The dry sand packing was slowly flushed with tap water at room temperature until quasi-saturation was obtained, the trapped air remaining in the medium. The water weight in the tank was measured and the residual air saturation determined. Water was deaerated during 10 min in a 2.5 l volume container using a vacuum pump and then pumped to the storage tank. At the beginning of the experiment the volume of water in the space between the inlet and the sand packing was replaced by deaerated water. The sand packing was horizontally flushed with deaerated water at a rate of 87 ml/min. Periodic measurements of the inlet and outlet water levels as well as of the outflow were performed in order to determine the temporal development of the hydraulic conductivity. The advance of the dissolution front was optically observed at the tank walls by means of an illumination that facilitated the visualisation of the air bubbles zone.
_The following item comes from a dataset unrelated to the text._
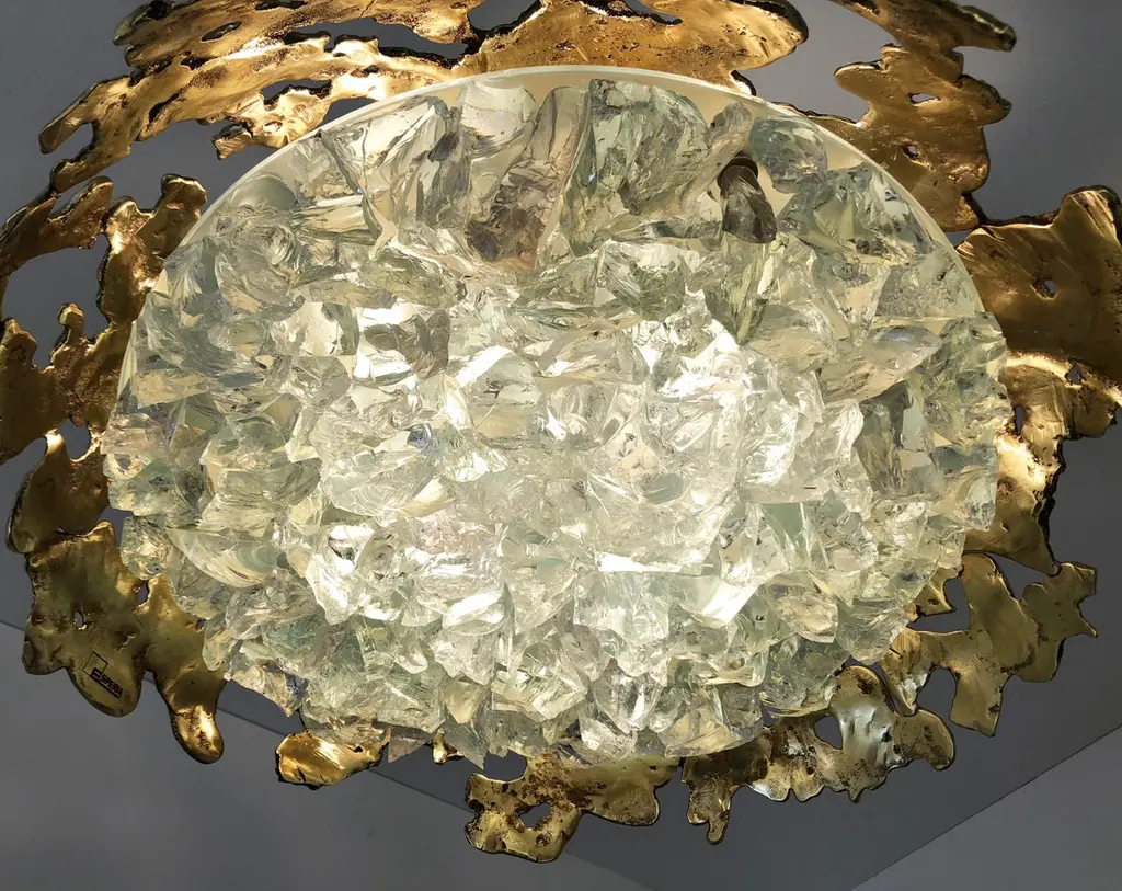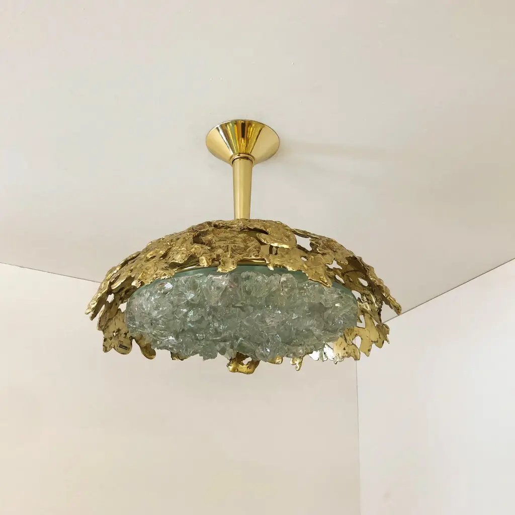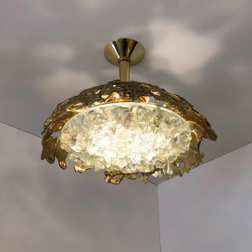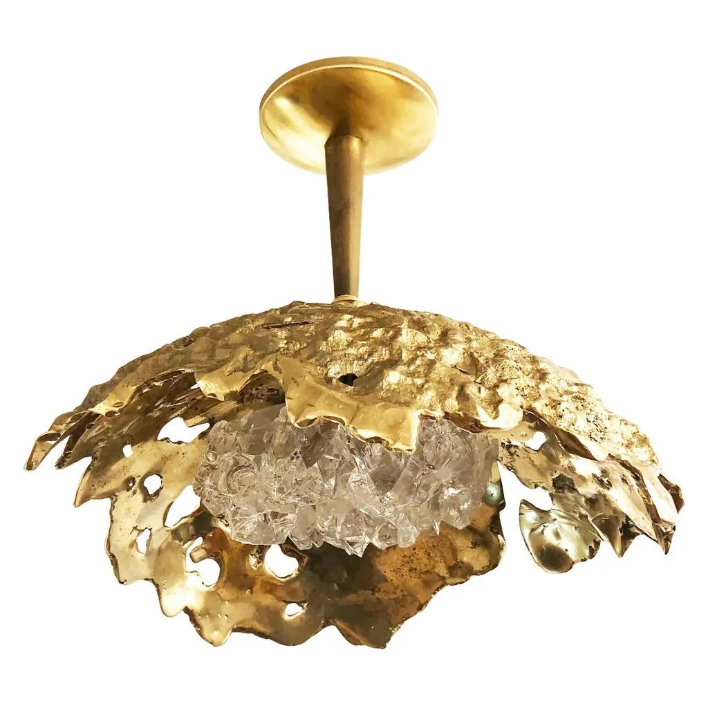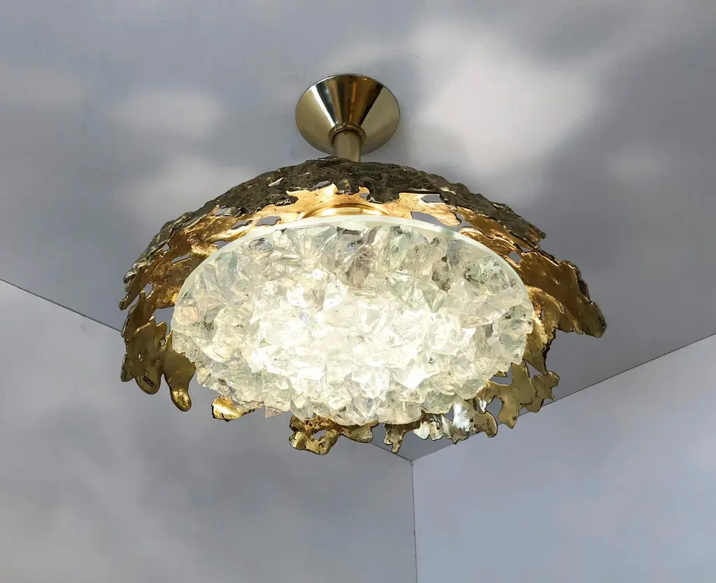 Blending sculpture and design, the N.21 is the largest fixture of the Etna series with an expansive glass shade composed of dozens of crystal elements. The organic cast brass shell culminates in a polished stem and canopy. Shown in polished brass with clear glass.Starting at $ 9,200 for standard finishes.Starting at $ 10,100 for premium finishes.Customization Options:Each fixture is hand crafted in Italy and is available any of our 10 finishes and 8 enamel colors. Can be installed as pendant on a stem or a flush mount. Compatible with our Tuscan crystal.Lead Time: 10-12 weeks plus shipping.Diameter: 21”Height: 16”. Overall height can be adjusted as needed.Electrical: Four E12 40W incandescent or 75W LED equivalentModel#: LTZ626

Two tracer tests without air dissolution were performed on the quasi-saturated sand packing. A solution of 100 ppm Eosin dye solution without deaeration was used as tracer and introduced into the system as a long pulse input (tracer breakthrough {test I} and subsequent flushing with tap water {test II}) at the same flow rate as the deaerated water in the dissolution experiment. The visible tracer fronts were periodically observed and registered on both sides of the tank.

 

RESULTS AND DISCUSSION

The measured and calculated hydraulic parameters of the experiments are listed in table 1. The sand packing was flushed with 39 pore volumes (PV) of deaerated water. It was observed that air bubbles continuously shrank due to dissolution, until they disappeared within a zone of less than 1 cm of length. Figure 1 shows the temporal development of the dissolution front, with the inlet at x = 0, and the outlet at x = 69.4 cm. After the packing was flushed with about 2 PV of water (t = 135 min), a clear dissolution front with a rather uniform pattern was visible. However, at the points y = -10 cm, +2 cm and +8 cm the dissolution was more rapid than in the rest of the front. After 4 PV of water (t = 270 min), small fingers clearly developed with lengths between 1 and 3 cm. The finger length increased rapidly as the flux of water continued. After 39 PV of water (t = 2485 min), the length of the fingers ranged between 9 and 19 cm. The comparison between the left and right tank sides shows that the general structure was rather similar. Five main peaks were discerned on both sides. A measure of the finger length l_f can be defined as half the distance between the peak x-position minus the x-position of the next depression above. The development of l_f over time is shown in figure 2. The growth of most fingers was approximately proportional to time. The mean thickness of all fingers remained almost constant during the experiment (between 1 and 4 cm). The thickness to length ratio of the fingers remained at about 1 to 5. The mean front velocity was found to be 3.3×10^-4 cm/sec and was almost constant. The front on the right side of the tank was slightly slower than on the left side. The final mean hydraulic conductivity was nearly doubled due to the dissolution of the entrapped air.